◆ **Given information**
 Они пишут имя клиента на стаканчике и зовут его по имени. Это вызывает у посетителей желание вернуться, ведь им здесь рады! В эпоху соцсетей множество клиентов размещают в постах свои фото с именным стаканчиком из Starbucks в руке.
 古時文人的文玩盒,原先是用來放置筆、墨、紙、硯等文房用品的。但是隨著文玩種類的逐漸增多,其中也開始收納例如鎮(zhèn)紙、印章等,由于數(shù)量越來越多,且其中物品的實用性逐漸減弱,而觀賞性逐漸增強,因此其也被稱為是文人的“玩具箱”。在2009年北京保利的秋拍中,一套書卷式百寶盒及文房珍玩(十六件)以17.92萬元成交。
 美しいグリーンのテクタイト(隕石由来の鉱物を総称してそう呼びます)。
---
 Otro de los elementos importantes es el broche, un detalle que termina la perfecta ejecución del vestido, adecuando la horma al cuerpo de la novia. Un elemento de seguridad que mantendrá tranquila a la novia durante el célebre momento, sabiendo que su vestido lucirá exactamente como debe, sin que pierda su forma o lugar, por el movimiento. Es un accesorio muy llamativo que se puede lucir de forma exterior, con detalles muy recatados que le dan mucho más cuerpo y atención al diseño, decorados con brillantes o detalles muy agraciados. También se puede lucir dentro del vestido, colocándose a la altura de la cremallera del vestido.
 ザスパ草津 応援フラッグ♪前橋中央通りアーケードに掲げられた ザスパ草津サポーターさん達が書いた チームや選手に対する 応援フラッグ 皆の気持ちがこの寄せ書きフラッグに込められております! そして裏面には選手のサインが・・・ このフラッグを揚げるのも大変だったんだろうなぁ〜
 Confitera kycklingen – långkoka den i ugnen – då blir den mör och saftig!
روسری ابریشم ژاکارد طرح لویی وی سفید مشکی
==
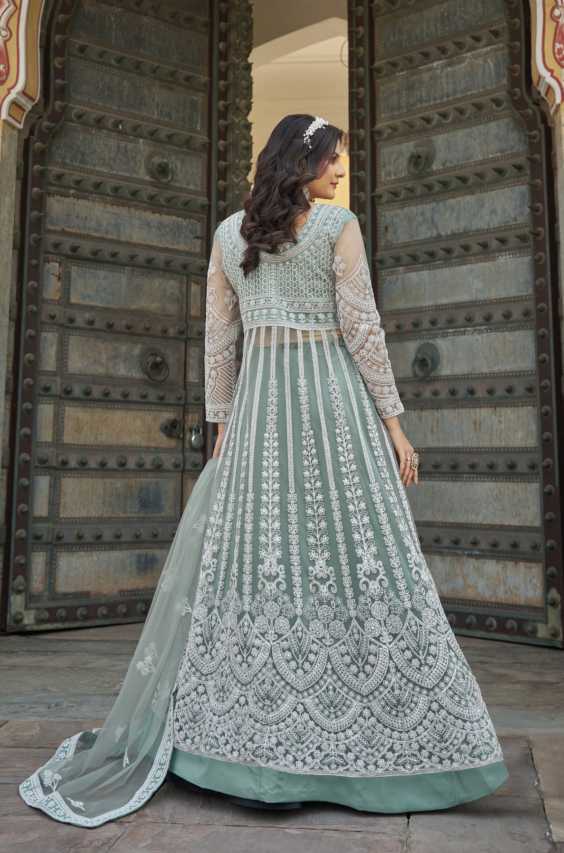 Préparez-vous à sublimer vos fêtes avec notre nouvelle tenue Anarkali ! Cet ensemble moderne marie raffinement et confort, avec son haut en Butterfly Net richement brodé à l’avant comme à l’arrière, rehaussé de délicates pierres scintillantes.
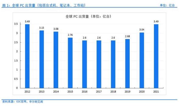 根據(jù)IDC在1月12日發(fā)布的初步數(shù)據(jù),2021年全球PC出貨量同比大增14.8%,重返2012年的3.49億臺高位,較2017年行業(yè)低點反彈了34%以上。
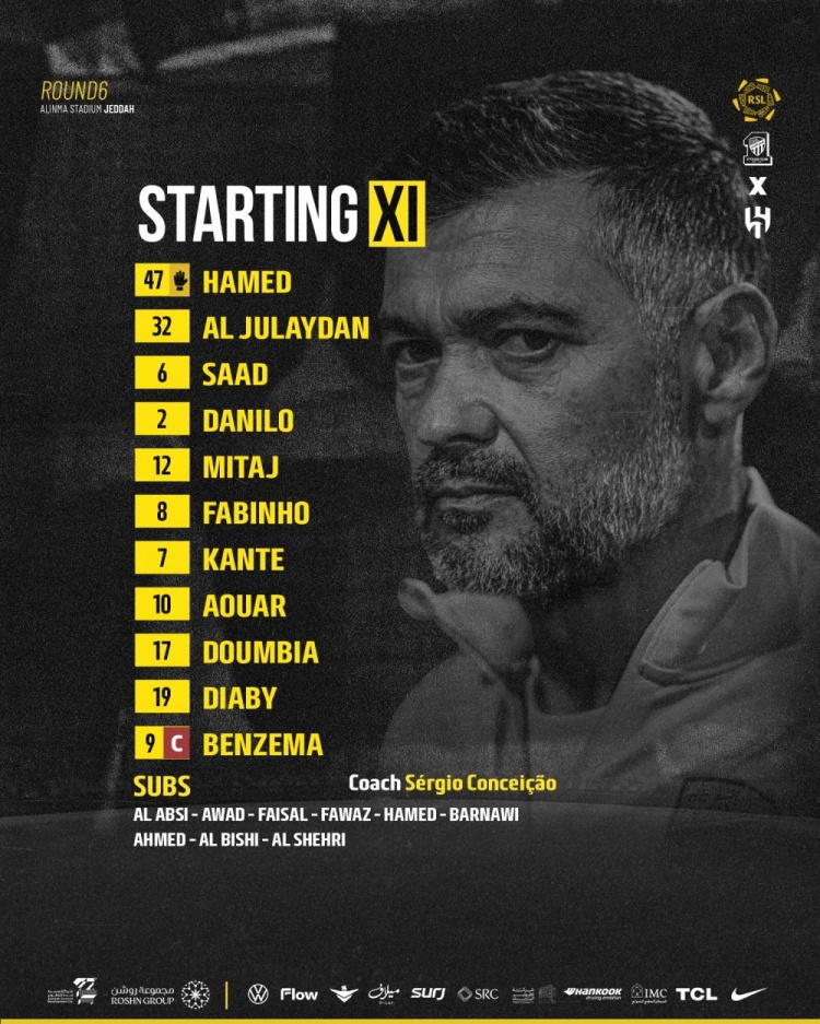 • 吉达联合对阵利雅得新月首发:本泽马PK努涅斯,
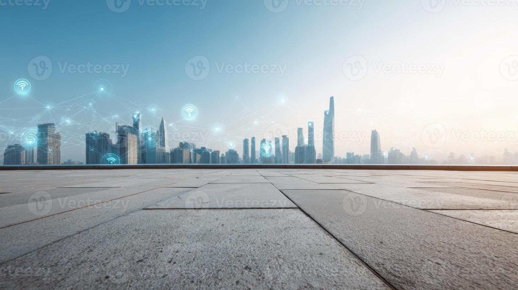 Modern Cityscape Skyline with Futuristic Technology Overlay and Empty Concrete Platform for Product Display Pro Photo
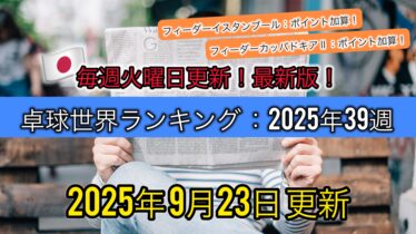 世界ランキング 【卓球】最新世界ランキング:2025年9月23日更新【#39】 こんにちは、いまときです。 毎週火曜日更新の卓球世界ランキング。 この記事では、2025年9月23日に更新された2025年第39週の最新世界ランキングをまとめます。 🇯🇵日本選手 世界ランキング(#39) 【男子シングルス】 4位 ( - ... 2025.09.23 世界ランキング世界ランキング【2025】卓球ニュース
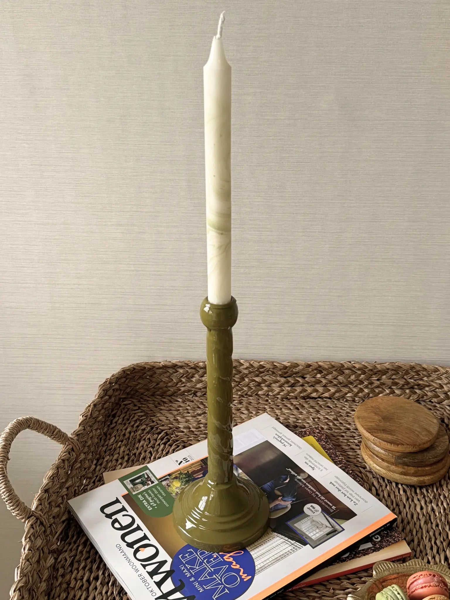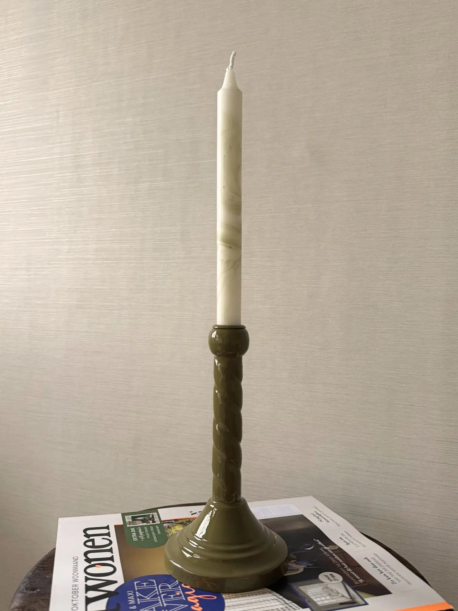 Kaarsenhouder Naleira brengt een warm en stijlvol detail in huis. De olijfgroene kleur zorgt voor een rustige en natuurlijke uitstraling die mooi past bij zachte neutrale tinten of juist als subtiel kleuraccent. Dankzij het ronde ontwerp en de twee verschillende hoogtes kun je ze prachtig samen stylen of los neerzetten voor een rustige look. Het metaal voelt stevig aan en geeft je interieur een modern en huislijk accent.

◆ **Instructions for the task**
Print the lines above from the one with "Confitera kycklingen –" through the one with "روسری ابریشم ژاکارد طرح لویی وی سفید مشکی", both included, exactly as written and nothing more.

◆ **Answer section**
 Confitera kycklingen – långkoka den i ugnen – då blir den mör och saftig!
روسری ابریشم ژاکارد طرح لویی وی سفید مشکی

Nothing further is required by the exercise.